Data for the task
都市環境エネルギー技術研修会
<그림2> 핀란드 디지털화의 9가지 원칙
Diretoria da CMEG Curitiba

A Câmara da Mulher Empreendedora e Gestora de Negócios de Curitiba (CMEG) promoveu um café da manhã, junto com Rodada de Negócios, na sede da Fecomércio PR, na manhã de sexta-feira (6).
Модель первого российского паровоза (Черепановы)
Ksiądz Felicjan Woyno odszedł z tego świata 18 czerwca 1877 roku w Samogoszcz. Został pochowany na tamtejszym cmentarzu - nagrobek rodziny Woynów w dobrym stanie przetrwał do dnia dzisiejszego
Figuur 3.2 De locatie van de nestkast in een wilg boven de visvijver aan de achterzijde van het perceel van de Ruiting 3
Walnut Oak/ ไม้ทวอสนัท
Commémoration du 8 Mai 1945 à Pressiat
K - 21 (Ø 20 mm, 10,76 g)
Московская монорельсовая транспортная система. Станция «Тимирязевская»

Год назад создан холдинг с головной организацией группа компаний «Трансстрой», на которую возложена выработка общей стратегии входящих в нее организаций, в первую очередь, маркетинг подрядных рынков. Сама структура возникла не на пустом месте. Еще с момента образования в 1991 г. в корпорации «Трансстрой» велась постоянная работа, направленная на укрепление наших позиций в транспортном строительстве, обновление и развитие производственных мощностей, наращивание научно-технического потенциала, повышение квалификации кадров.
* * *
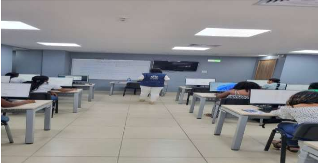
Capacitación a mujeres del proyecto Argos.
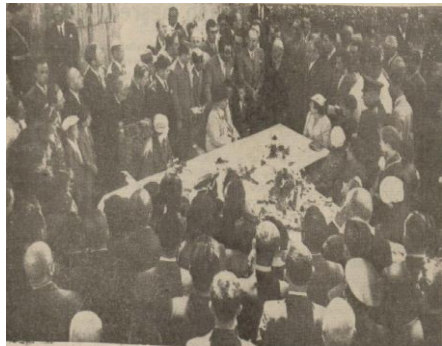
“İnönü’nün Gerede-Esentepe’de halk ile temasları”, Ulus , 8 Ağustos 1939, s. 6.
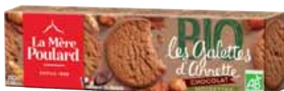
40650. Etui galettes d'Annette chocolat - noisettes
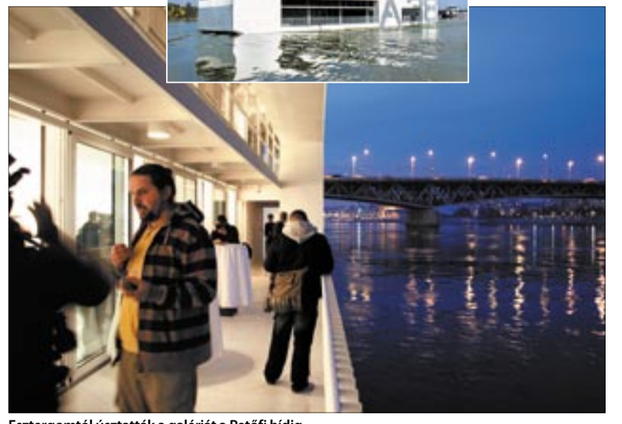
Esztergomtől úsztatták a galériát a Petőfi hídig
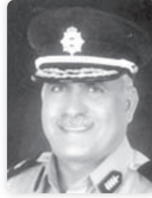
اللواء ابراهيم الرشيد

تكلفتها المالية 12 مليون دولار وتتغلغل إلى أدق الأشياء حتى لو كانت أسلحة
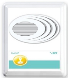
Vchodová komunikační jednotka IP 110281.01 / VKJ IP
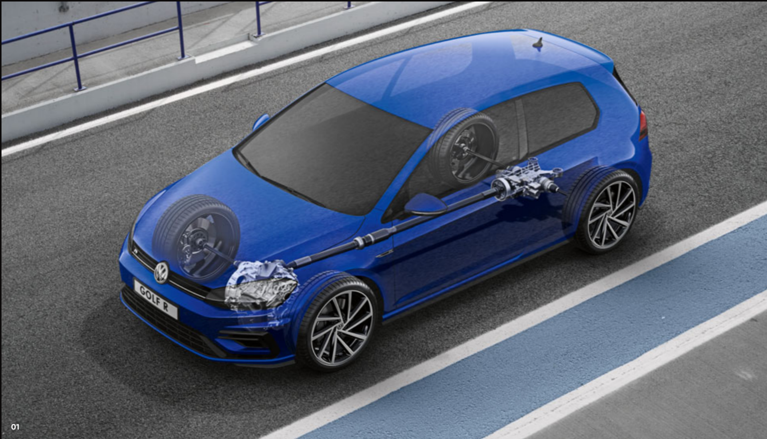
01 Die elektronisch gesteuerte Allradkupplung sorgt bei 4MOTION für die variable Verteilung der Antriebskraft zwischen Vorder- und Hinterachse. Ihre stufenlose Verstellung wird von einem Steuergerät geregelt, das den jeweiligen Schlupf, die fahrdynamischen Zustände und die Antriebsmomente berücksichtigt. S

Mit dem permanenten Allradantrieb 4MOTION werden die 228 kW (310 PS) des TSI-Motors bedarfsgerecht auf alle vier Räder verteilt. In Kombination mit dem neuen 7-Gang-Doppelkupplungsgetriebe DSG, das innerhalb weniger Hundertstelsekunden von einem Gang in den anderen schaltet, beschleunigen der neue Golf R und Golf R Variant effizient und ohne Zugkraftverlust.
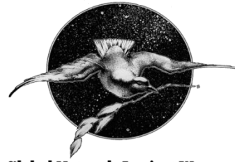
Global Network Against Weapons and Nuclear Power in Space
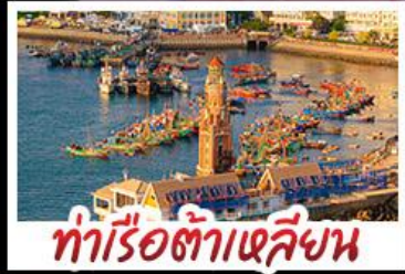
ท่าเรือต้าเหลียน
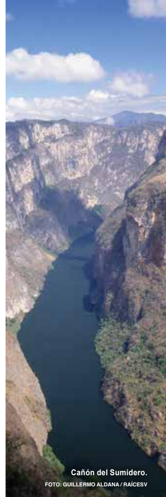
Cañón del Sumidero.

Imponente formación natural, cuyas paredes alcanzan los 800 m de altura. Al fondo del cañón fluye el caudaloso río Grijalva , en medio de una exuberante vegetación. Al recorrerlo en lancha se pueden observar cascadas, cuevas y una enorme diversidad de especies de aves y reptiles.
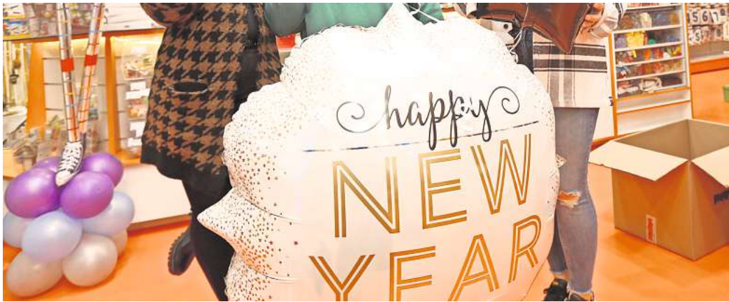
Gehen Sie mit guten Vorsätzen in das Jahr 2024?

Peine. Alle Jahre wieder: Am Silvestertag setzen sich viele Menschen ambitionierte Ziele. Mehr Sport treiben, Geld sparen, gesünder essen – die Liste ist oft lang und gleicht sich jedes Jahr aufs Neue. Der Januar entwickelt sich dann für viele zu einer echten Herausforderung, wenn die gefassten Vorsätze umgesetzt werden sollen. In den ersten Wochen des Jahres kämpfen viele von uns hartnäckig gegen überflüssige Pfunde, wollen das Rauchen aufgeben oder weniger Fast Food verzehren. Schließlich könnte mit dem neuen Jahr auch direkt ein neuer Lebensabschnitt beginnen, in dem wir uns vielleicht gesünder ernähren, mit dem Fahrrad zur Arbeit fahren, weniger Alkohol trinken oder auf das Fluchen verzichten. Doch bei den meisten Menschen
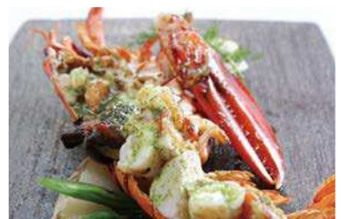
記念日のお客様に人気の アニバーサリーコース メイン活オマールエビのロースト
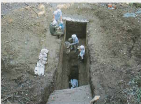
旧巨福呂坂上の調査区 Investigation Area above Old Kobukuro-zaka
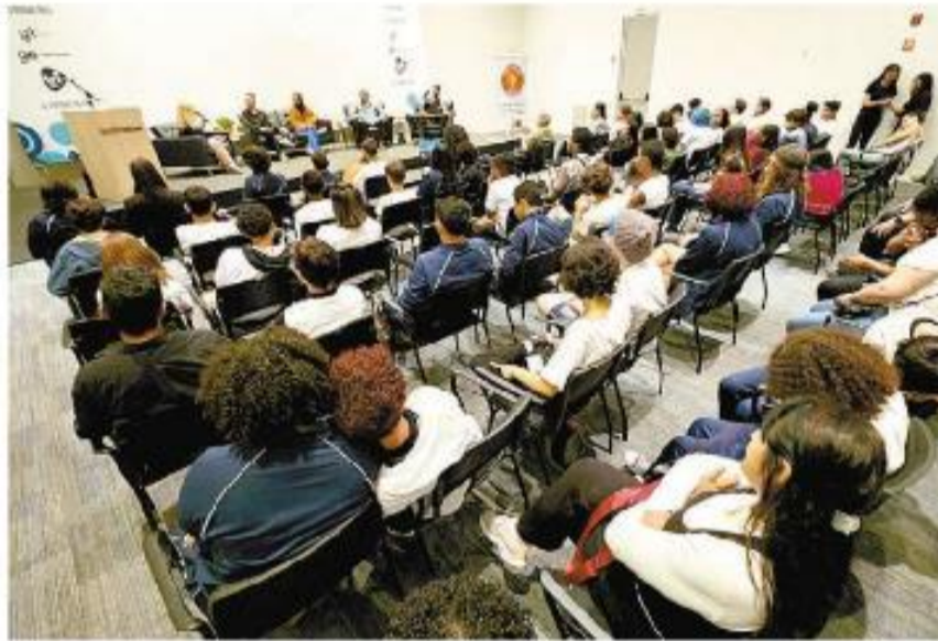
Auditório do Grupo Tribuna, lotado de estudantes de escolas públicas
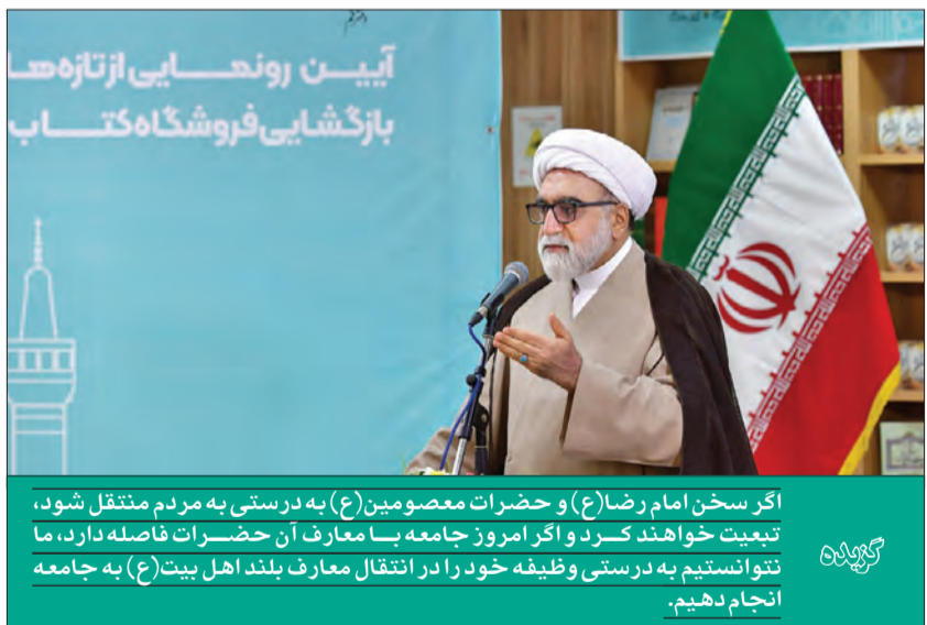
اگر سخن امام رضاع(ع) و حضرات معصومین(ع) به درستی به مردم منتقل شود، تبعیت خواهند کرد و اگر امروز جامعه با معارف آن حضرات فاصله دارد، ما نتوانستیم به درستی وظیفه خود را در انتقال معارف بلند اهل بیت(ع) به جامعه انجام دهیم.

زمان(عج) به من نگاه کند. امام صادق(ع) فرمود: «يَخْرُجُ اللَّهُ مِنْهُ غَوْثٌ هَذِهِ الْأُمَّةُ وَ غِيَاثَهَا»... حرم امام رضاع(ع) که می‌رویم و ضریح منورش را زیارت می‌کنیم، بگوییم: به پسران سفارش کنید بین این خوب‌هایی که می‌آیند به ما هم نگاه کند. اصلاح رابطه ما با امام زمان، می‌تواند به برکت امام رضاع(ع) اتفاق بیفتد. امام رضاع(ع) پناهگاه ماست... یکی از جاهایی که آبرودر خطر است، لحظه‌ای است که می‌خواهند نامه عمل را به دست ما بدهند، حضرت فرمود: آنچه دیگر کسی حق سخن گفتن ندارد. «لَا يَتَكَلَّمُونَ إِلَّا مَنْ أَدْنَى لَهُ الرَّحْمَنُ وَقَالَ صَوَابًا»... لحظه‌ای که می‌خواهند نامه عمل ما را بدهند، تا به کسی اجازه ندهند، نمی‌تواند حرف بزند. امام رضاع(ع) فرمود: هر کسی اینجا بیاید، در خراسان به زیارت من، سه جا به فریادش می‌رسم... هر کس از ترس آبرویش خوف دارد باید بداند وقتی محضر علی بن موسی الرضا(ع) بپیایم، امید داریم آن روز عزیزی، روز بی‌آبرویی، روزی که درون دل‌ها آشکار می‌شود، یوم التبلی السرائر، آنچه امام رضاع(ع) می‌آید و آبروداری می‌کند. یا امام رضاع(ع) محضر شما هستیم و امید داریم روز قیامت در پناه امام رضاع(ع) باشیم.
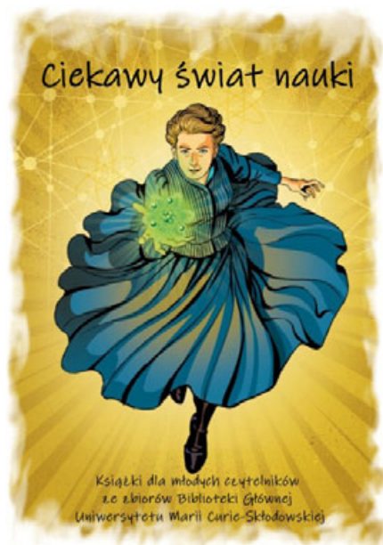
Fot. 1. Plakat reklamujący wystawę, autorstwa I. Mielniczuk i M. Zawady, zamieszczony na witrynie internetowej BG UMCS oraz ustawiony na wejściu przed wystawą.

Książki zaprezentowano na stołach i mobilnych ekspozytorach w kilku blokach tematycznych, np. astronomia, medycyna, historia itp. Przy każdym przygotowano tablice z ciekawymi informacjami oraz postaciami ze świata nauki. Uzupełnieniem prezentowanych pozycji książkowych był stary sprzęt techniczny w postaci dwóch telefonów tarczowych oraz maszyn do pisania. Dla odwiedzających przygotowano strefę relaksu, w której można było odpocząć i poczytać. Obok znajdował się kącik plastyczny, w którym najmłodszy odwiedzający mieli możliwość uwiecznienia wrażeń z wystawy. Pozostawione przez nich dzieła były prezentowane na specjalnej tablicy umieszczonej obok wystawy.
...
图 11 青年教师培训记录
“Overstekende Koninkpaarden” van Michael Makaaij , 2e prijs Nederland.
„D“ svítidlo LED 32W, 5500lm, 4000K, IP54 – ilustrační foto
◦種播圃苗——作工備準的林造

Problem to work on
Give exactly the lines above that run from the line with "Auditório do Grupo" to the line with "اگر سخن امام", both included, leaving every picture out.

Output of the task
Auditório do Grupo Tribuna, lotado de estudantes de escolas públicas
اگر سخن امام رضاع(ع) و حضرات معصومین(ع) به درستی به مردم منتقل شود، تبعیت خواهند کرد و اگر امروز جامعه با معارف آن حضرات فاصله دارد، ما نتوانستیم به درستی وظیفه خود را در انتقال معارف بلند اهل بیت(ع) به جامعه انجام دهیم.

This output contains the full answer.